It would be impossible to rank the top 100 movies in history without paying respect to Steven Spielberg’s iconic horror, Jaws (1975). The film about a great white shark terrorizing the tourist trap town of Amity Island is one of the best horror movies ever made, and holds up nearly 50 years later.
Surprisingly, despite many, many attempts to replicate Spielberg’s success, most shark movies are pretty terrible. With very few exceptions, films about the magnificent, if “misunderstood,” marine predators are campy B-movies at best. Why is that?
Why Shark Movies Suck
Quick Disclaimer
First thing’s first, some of you are here because you’re looking for articles about how sharks are misunderstood and shouldn’t be portrayed as killing machines in movies. You’ve already found the stats that show you’re more likely to be killed by pigs or mowing the lawn than sharks, and you were hoping to just bury an online opponent under a sea (get it, it’s a water pun, this is a shark article) of evidence.

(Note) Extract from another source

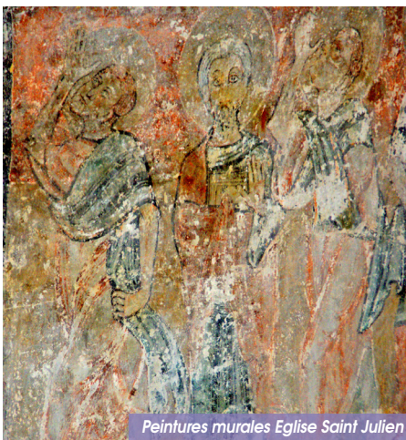
Peintures murales Eglise Saint Julien

Estavar regroupe les hameaux de Bajande, Caillastres et le mas Saint-joseph. La chapelle St Barthélemy de Bajande possède deux plats de quête du XVI e siècle.

Sadly my friend, this is not that article. This is completely about film-making and storytelling, not the representation of these beautiful, if deadly, aquatic wonders.
And if I can get on my soapbox for a second, those stats are wildly misleading. You’re around pigs and, I’m assuming, lawnmowers, significantly more than you are around sharks. Though thank you, because now I’m afraid to mow my lawn.
Sharks are large carnivores, and they do what all carnivores do. I don’t think they’re evil by any stretch of the imagination, but they need to eat meat to survive, and believe it or not, the occasional human being in the water is meat. I don’t think bull sharks are offended by being portrayed as killers in movies.
They do, however, hate Baby Shark (do do do do do), maybe go after those people.
The Real Focus
Now that I’ve gotten that out of my system, I want to talk about the real reason that sharks movies are terrible. It’s something that everything from Jaws 2 (1978) to The Shallows (2016) gets wrong, over and over, seemingly without question.
The focus of a great shark thriller should never be the shark.
Yeah, I know that sounds silly. Everyone remembers the moment in Jaws when Bruce (the name of the shark, for some reason) attacks the protagonists by leaping onto the wreckage of their ship. How can I sit here and say sharks aren’t the focus of these movies when they’re clearly the film’s biggest attraction?
Because while Jaws is 124 minutes long, the shark only has about four minutes of screen time. The real focus of Jaws, and what I believe should be the real focus of all shark movies? Should be the water.
A big scary water monster sounds terrifying on paper, but after an hour of seeing it, it just becomes another movie prop. Jump-scares and gory kills are fine, if you’re into that kind of thing, but that’s not really what makes a horror movie great. It’s the tension, not the suspense, and there is a difference, that makes these thrillers so thrilling.
Dun Nun…
The score from Jaws is arguably more iconic than the shark itself. The steady increase of tempo, dun-nun… dun-nun… dun-din-dun-din-dun, automatically gets your heart racing. As the notes come faster and faster, your eyes dart around the screen, wondering where (and who) the shark will strike.
You’re supposed to feel isolated and vulnerable out on the water. Your skin is supposed to crawl every time someone takes a dip or stands too close to the end of the boat, or god forbid, the oldest shark movie trope, someone gets in a “safe” shark cage. You’re supposed to be on edge and uncomfortable at all times.
In a good shark movie, you can put someone near water, play suspenseful music, and get chills, even if the shark never shows up. It’s cerebral chess, and that’s something that literally every other shark movie completely screws up.
If you’ve just seen the shark, and it can eat boats whole or devour Nick Fury mid-monologue, it loses a bit of the gravitas. John Krasinski, who I always call Jim Krasinski but never John Halpert, actually referenced this often during the making of “A Quiet Place.“
His producers said Halpert Krasinski stressed that the less you see, the scarier it is. And honestly, when I read that interview, the first movie I thought of was Alien. In the early xenomorph movies, you rarely see the creepy crawly aliens. The real focus, just like with Jaws, is on the isolation. The same is even true for Predator, who is literally invisible for a huge chunk of the movie. Arnie’s commando pals are isolated in a strange jungle with an enemy they can’t see that they don’t understand.
Alien, Jaws, and Predator all came out decades ago but still hold up today. Why? Because they prioritize the psychological fear over the superficial. Instead of banking on gore for gore’s sake, they attack real fears. You can remove yourself from a glitzy horror movie by reminding yourself that monsters aren’t real, or that sharks kill fewer people than pigs mowing their lawns, but get into someone’s mind about isolation and you can bet your audience will think twice before going to the beach.